Today, stocks look to add to their earlier gains of this week, based on the futures markets. At 10 o’clock this morning the University of Michigan will release its latest read on consumer sentiment, which is expected to show a modest improvement from the previously reported low level of 59.2 for the month of May. This will be the only major data point today. Aside from this release, investors will be considering thoughts given by Federal Reserve Governor Christopher Waller (prior to the market open) and Richmond Fed President Tom Barkin (at 2:30 p.m.). We don’t expect these Fed officials to veer very far from Chairman Jerome Powell’s guidance provided this past Wednesday.
The major market indexes gathered a bit of strength this week. Trading on Monday and Tuesday trended positive. That trend was upset at mid-week when Fed Chair Powell made public the central bank’s likely interest rate strategy for the coming months. At its June meeting, the Federal Open Market Committee decided to hold short-term interest rates steady, at 5.00%-5.25%. The kicker was Mr. Powell’s statement that the Federal Funds range could rise another one-half percentage point before year end, depending on developments in the domestic economy. Another hike, potentially one-quarter of a point, could come as early as July. On Thursday, investors, after digesting the Fed news and stronger-than-expected retail spending, decided to adopt a positive view on the economy and stocks. For all of this week, market gains in the low single-digits would be no surprise.
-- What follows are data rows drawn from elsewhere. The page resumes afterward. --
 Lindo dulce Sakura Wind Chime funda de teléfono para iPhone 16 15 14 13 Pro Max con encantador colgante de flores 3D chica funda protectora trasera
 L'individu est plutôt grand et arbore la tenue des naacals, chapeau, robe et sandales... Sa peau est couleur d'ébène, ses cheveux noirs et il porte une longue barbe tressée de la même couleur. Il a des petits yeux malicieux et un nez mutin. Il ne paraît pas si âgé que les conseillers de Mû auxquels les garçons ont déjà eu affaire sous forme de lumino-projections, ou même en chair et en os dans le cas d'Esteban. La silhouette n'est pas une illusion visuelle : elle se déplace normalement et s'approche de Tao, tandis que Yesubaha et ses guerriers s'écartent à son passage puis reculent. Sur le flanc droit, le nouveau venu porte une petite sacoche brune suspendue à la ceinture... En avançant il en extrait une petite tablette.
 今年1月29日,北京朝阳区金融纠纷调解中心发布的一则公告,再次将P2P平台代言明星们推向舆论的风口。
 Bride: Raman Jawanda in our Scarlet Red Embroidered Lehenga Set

Pundits on Wall Street are busy arguing whether the Fed will actually hold rates steady or raise them in the near term. The argument for no hikes considers that inflation is receding, albeit at a stubbornly gradual pace, thus far. Declines in inflation may become more pronounced in the second half of 2023, given easier comparisons against strong year-ago price growth for products and services. Notably, food and fuel costs are currently moving lower, and the rental sector of the housing industry appears to be cooling. Also backing the no-hike point of view is that the Fed must consider that higher rates could cause additional significant stress in the regional banking sector, including consumer and business lending, or some other unforeseen area in the financial system. Furthermore, the manufacturing and industrial sectors are displaying pockets of softness. Of course, the Fed wants to avoid a severe recession.
Those saying rate hikes are more likely point to still-high inflation, a resilient jobs market, a favorable wage environment, solid consumer spending, relatively modest debt burdens and low loan delinquencies, decent, though cautious, business development, recent stability in the banking sector, and renewed vigor in the stock market.
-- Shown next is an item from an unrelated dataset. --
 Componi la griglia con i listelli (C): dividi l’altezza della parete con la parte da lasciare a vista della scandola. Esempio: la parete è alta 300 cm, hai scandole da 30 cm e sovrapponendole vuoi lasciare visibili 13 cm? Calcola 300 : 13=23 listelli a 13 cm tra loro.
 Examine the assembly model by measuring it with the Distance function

Of particular note, share prices have been on the upswing lately, and more sectors, beyond technology, are beginning to take part in this rally. Investors seem to think, probably rightly so, that the Fed is near the end of its rate-hiking cycle. Fewer of them, but still a sizable contingent, believe rate cuts are in the cards, if not later this year, then early next year. We prefer to err on the side of caution by anticipating two more one-quarter-point increases in short-term rates.
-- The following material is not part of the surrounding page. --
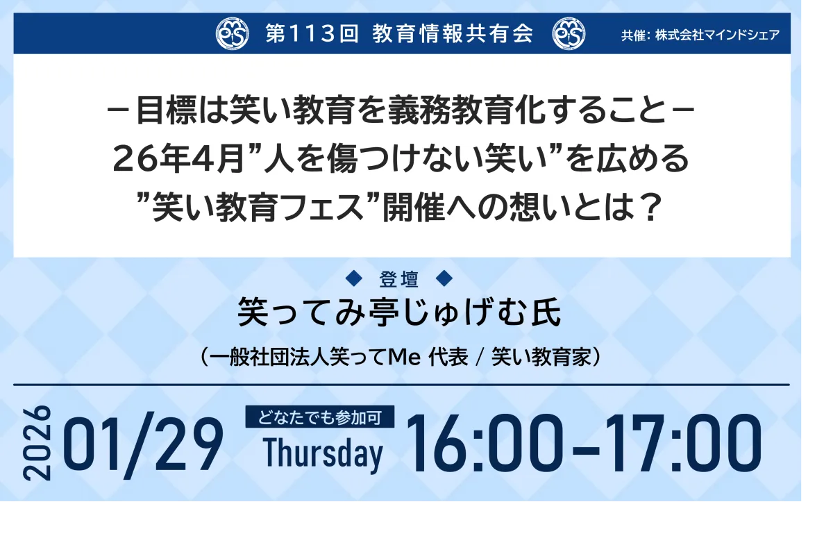 2026年1月29日に、笑い教育をテーマにした第113回教育情報共有会が開催されることになりました。このイベントでは、一般社団法人「笑ってMe」の代表であり笑い教育家のじゅげむ氏が登壇し、コミュニケーション手法としての笑いの重要性について語ります。この企画は、教育機関における認識を深め、知識を共有することを目的としています。
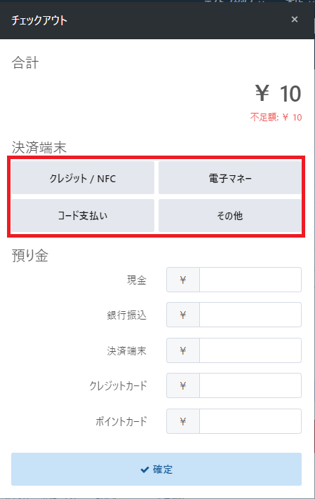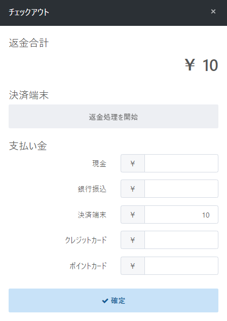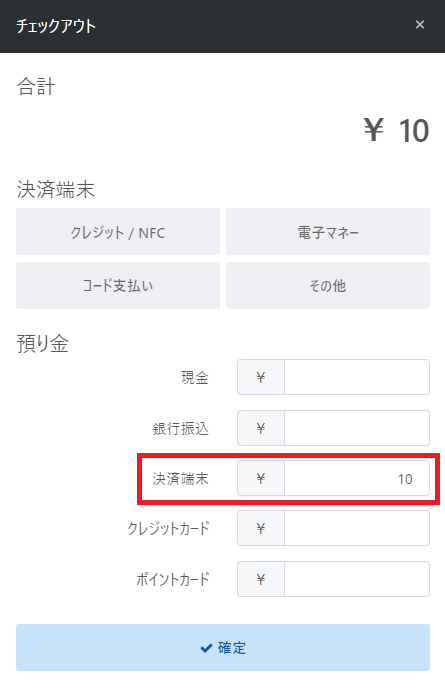 決済端末側で処理が完了すると【決済端末】の決済項目に金額が自動で反映されますので、間違いなければ【確定】をクリック。

Adding support to stock valuations, particularly those of tech issues, is excitement surrounding the potential benefits of generative Artificial Intelligence, the applications of which are being implemented at a rapid pace. There’s probably more upside in tech issues, such as Advanced Micro Devices (AMD), NVIDIA (NVDA), Alphabet (GOOG), Microsoft (MSFT), Apple (AAPL) and Meta Platforms (META). Still, many on The Street are expecting a rotation into cyclical stocks, for example, American Express (AXP), Boeing (BA) and Caterpillar (CAT), which, though not especially apparent, might now be starting. In any case, investors would do well to stay with industry leaders with proven operating (and stock performance) track records throughout the business cycle. – David M. Reimer
At the time of this article’s writing, the author did not hold any positions in any of the companies mentioned.